*** Provided data ***

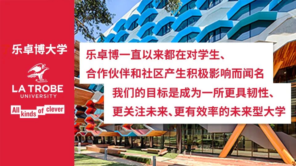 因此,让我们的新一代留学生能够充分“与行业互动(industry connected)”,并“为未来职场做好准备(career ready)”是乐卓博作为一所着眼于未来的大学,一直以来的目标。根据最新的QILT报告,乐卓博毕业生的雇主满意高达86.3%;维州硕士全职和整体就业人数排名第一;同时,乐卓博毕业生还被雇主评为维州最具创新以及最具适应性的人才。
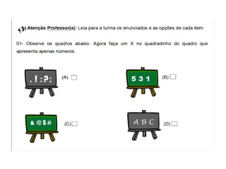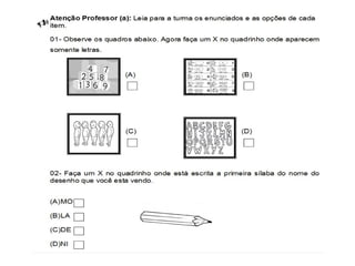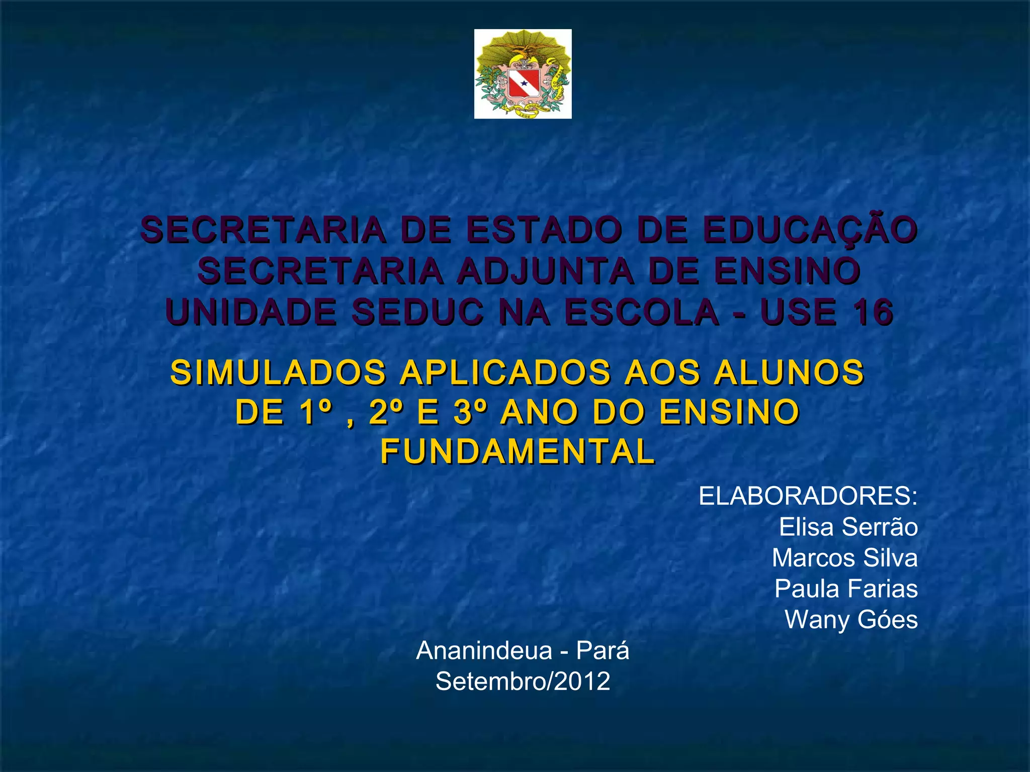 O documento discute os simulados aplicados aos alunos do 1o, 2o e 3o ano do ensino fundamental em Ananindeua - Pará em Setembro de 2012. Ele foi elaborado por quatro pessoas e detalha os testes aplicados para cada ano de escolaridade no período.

*** End of Provided data ***
*** Provided data ***

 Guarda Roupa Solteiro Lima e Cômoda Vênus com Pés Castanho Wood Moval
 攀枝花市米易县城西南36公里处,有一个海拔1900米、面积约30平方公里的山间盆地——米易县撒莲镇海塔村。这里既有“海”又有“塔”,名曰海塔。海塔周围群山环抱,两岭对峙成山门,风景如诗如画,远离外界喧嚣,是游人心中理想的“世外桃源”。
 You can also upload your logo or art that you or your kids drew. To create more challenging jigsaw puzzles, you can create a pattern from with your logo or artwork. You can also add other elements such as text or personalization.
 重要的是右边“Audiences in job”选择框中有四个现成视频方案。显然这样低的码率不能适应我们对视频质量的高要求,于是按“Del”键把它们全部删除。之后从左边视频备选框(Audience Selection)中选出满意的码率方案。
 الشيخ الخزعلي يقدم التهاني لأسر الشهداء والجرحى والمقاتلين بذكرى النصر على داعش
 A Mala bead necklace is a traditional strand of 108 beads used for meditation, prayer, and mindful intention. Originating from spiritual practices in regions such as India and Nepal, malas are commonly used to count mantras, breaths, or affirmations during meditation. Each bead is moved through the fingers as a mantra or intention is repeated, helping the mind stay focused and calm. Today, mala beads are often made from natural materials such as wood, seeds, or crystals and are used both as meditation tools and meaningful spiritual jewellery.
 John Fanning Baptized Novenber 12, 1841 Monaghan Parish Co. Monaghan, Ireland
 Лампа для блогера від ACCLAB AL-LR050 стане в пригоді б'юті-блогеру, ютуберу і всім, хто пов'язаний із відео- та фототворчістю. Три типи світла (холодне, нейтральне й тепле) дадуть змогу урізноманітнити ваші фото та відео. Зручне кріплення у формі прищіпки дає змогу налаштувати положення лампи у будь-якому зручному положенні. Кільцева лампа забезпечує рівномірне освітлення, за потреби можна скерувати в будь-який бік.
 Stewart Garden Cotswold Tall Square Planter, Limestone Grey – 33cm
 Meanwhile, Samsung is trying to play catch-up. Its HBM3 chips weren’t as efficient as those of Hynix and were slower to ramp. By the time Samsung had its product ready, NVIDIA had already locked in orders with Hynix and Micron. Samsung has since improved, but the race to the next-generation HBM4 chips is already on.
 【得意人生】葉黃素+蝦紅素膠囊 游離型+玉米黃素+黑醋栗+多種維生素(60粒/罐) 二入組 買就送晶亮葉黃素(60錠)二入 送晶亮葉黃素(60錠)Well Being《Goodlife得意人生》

*** End of Provided data ***
*** Provided data ***

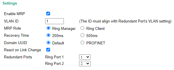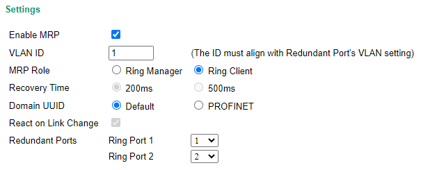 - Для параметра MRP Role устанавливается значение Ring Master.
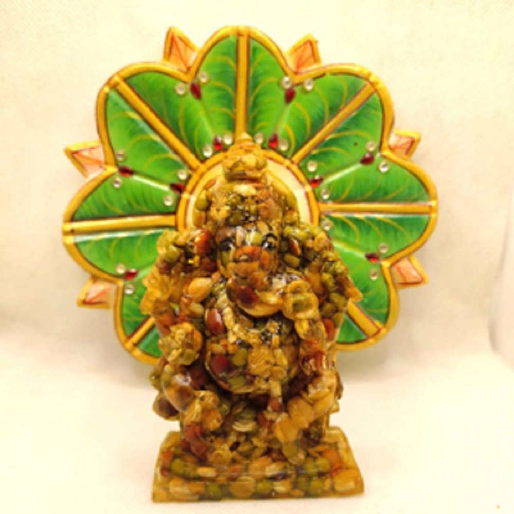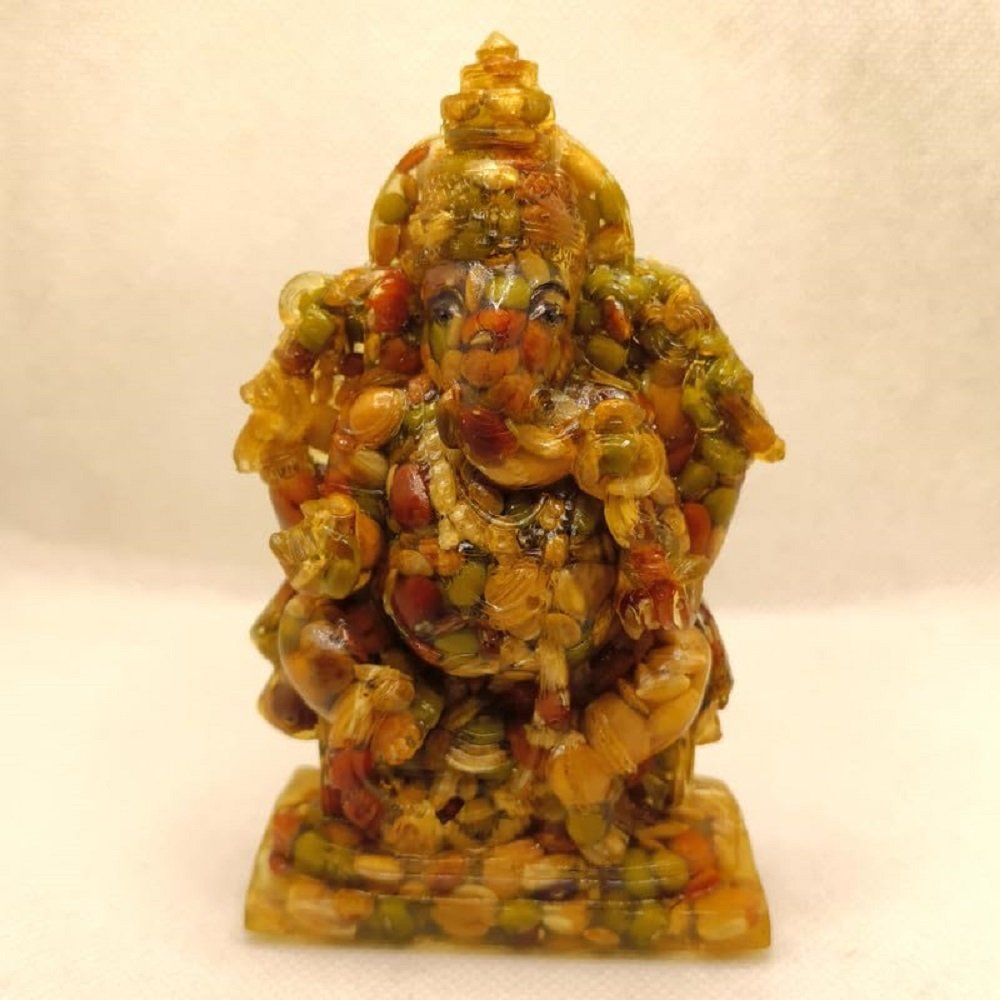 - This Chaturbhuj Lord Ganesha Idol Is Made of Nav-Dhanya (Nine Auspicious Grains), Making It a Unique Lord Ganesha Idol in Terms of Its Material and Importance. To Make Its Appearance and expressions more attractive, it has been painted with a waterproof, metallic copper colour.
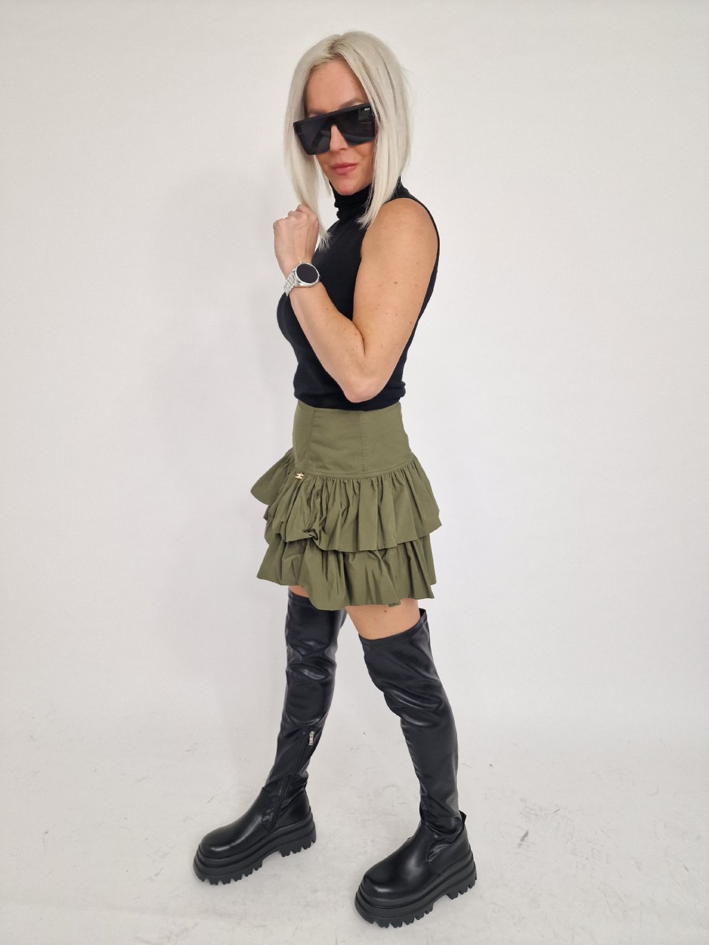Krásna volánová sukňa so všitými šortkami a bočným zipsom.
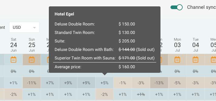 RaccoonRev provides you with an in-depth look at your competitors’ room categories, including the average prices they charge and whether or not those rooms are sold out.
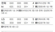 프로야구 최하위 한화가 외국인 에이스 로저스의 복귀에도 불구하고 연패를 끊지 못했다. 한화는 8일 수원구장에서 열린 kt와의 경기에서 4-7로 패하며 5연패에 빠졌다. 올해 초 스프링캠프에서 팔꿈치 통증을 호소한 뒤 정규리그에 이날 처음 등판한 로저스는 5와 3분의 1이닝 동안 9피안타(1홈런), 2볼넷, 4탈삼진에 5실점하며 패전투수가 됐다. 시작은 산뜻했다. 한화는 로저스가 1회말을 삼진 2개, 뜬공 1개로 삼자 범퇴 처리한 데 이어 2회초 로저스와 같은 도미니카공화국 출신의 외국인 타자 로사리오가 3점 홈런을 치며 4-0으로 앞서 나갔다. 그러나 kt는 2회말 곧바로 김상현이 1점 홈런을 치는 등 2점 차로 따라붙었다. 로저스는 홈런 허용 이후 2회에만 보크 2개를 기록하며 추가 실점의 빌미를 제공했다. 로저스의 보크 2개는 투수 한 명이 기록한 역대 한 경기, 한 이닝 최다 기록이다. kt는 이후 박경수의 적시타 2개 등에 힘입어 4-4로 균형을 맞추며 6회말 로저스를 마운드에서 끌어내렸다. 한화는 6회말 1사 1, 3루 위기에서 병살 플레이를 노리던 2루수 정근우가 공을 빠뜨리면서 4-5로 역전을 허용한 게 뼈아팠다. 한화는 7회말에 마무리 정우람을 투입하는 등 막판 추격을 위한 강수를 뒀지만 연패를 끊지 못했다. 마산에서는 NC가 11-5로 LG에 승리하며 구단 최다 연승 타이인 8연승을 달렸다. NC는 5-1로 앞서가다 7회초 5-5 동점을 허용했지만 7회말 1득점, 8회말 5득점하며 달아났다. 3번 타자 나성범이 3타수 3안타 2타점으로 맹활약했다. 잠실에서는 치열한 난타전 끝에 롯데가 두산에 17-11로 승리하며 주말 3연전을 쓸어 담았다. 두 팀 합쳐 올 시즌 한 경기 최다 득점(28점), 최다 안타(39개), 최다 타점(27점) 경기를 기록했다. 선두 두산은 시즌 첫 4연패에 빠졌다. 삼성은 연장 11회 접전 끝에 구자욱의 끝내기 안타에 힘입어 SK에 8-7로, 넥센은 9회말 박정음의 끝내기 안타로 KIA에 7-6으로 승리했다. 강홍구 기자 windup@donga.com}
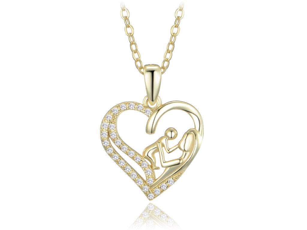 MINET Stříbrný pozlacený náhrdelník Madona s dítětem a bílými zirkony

*** End of Provided data ***

• _Exercise goal_:
All of the lines above that carry the string "from" need to be found and copied.

• _Response to the exercise_:
 You can also upload your logo or art that you or your kids drew. To create more challenging jigsaw puzzles, you can create a pattern from with your logo or artwork. You can also add other elements such as text or personalization.
 A Mala bead necklace is a traditional strand of 108 beads used for meditation, prayer, and mindful intention. Originating from spiritual practices in regions such as India and Nepal, malas are commonly used to count mantras, breaths, or affirmations during meditation. Each bead is moved through the fingers as a mantra or intention is repeated, helping the mind stay focused and calm. Today, mala beads are often made from natural materials such as wood, seeds, or crystals and are used both as meditation tools and meaningful spiritual jewellery.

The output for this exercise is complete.